Dataset extract =
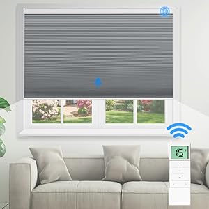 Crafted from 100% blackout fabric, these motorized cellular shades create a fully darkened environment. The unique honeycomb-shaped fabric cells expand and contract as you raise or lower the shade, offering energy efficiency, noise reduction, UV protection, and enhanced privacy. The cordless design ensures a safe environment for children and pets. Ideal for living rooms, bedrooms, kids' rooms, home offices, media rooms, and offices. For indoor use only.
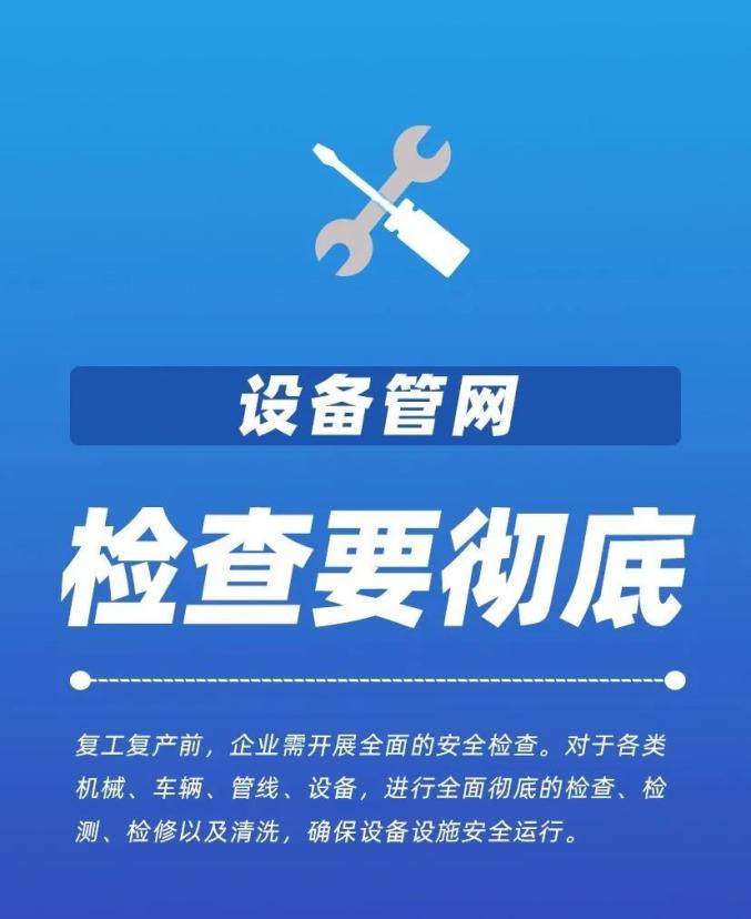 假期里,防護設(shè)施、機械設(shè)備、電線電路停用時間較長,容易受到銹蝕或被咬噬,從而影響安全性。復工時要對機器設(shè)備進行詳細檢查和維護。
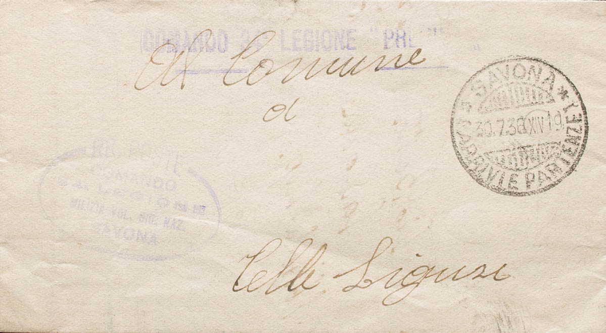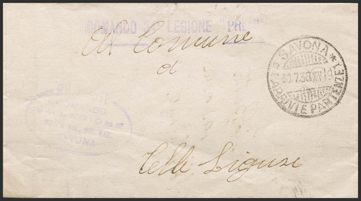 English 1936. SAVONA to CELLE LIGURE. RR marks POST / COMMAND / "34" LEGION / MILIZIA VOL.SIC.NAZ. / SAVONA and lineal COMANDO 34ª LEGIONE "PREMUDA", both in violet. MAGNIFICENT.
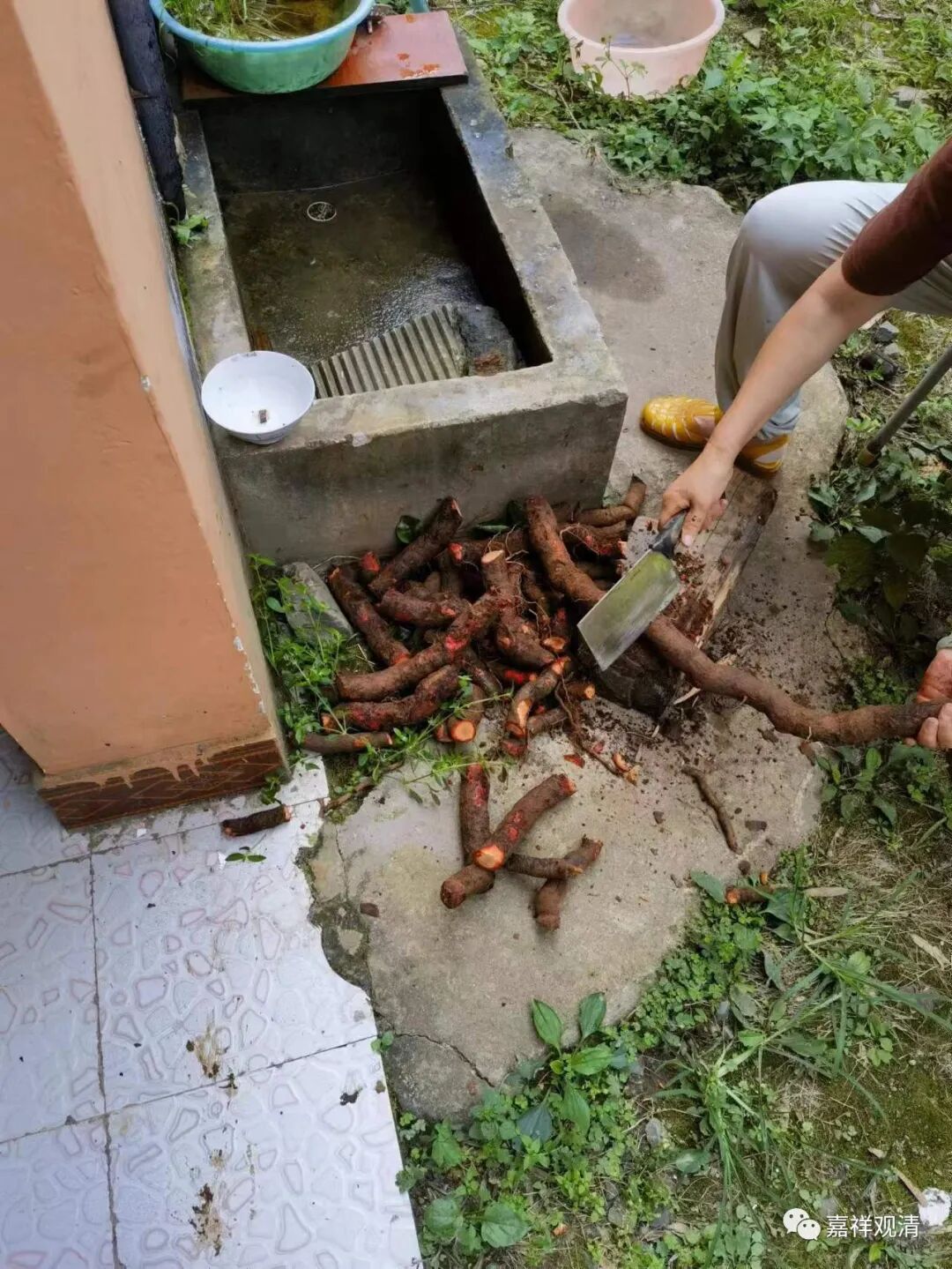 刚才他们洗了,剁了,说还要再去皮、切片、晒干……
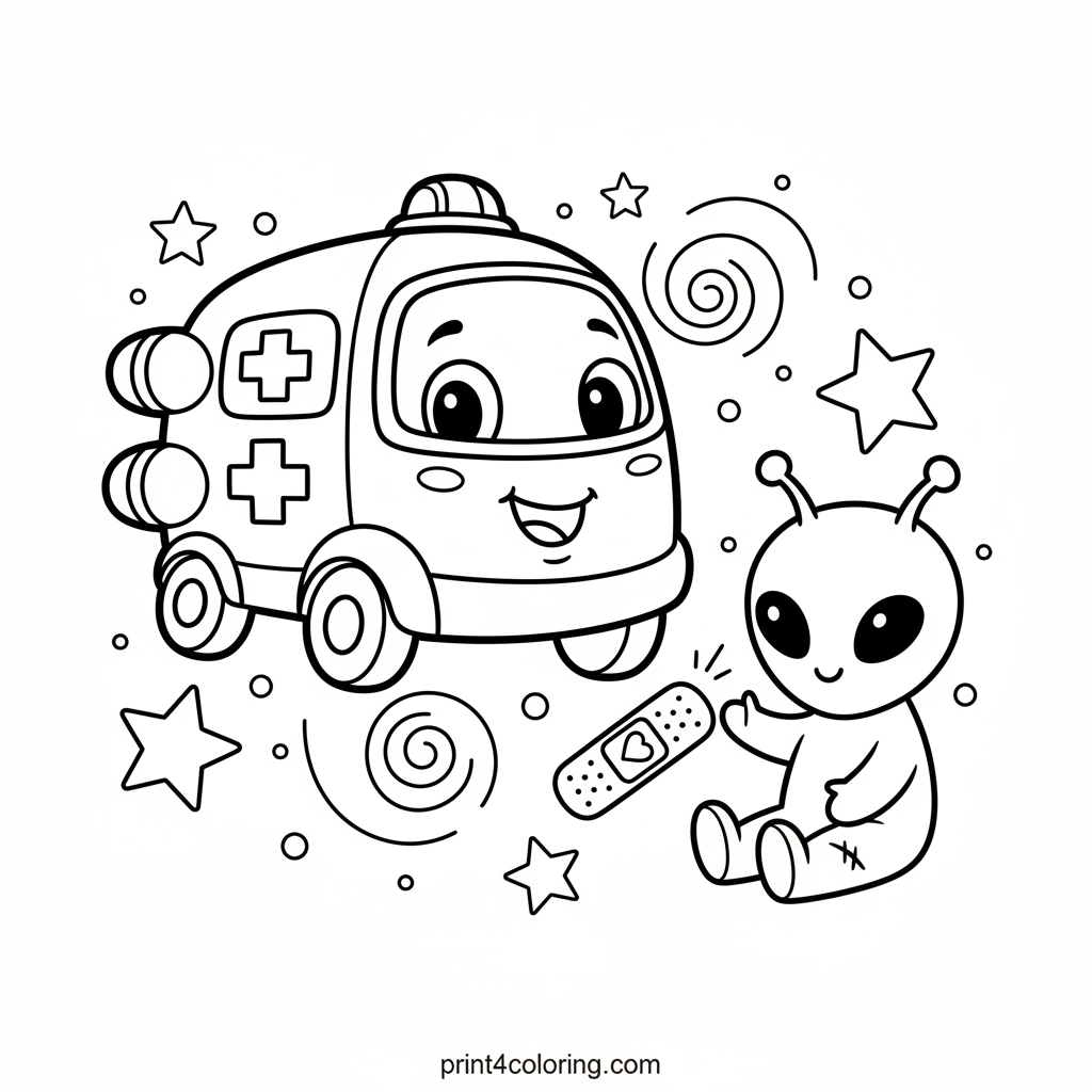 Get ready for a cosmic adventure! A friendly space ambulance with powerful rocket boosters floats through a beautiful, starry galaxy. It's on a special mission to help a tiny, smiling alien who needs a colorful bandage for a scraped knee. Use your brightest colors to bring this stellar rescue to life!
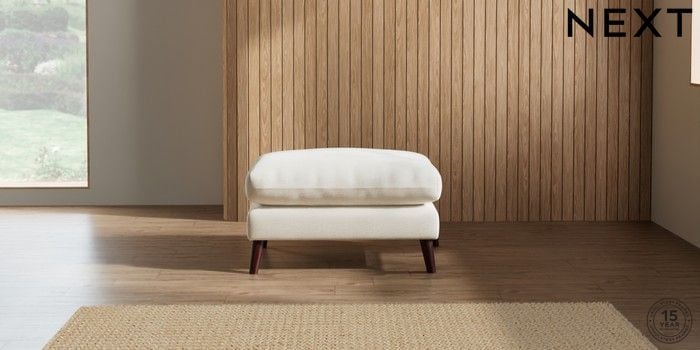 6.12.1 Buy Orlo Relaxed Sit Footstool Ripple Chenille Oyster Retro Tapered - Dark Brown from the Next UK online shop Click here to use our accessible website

What is expected =
Restate word for word the lines beginning with the one that contains "刚才他们洗了,剁了,说还要再去皮、切片、晒干……" and ending with the last line of the listing; pictures stay out.

Answer to the exercise =
 刚才他们洗了,剁了,说还要再去皮、切片、晒干……
 Get ready for a cosmic adventure! A friendly space ambulance with powerful rocket boosters floats through a beautiful, starry galaxy. It's on a special mission to help a tiny, smiling alien who needs a colorful bandage for a scraped knee. Use your brightest colors to bring this stellar rescue to life!
 6.12.1 Buy Orlo Relaxed Sit Footstool Ripple Chenille Oyster Retro Tapered - Dark Brown from the Next UK online shop Click here to use our accessible website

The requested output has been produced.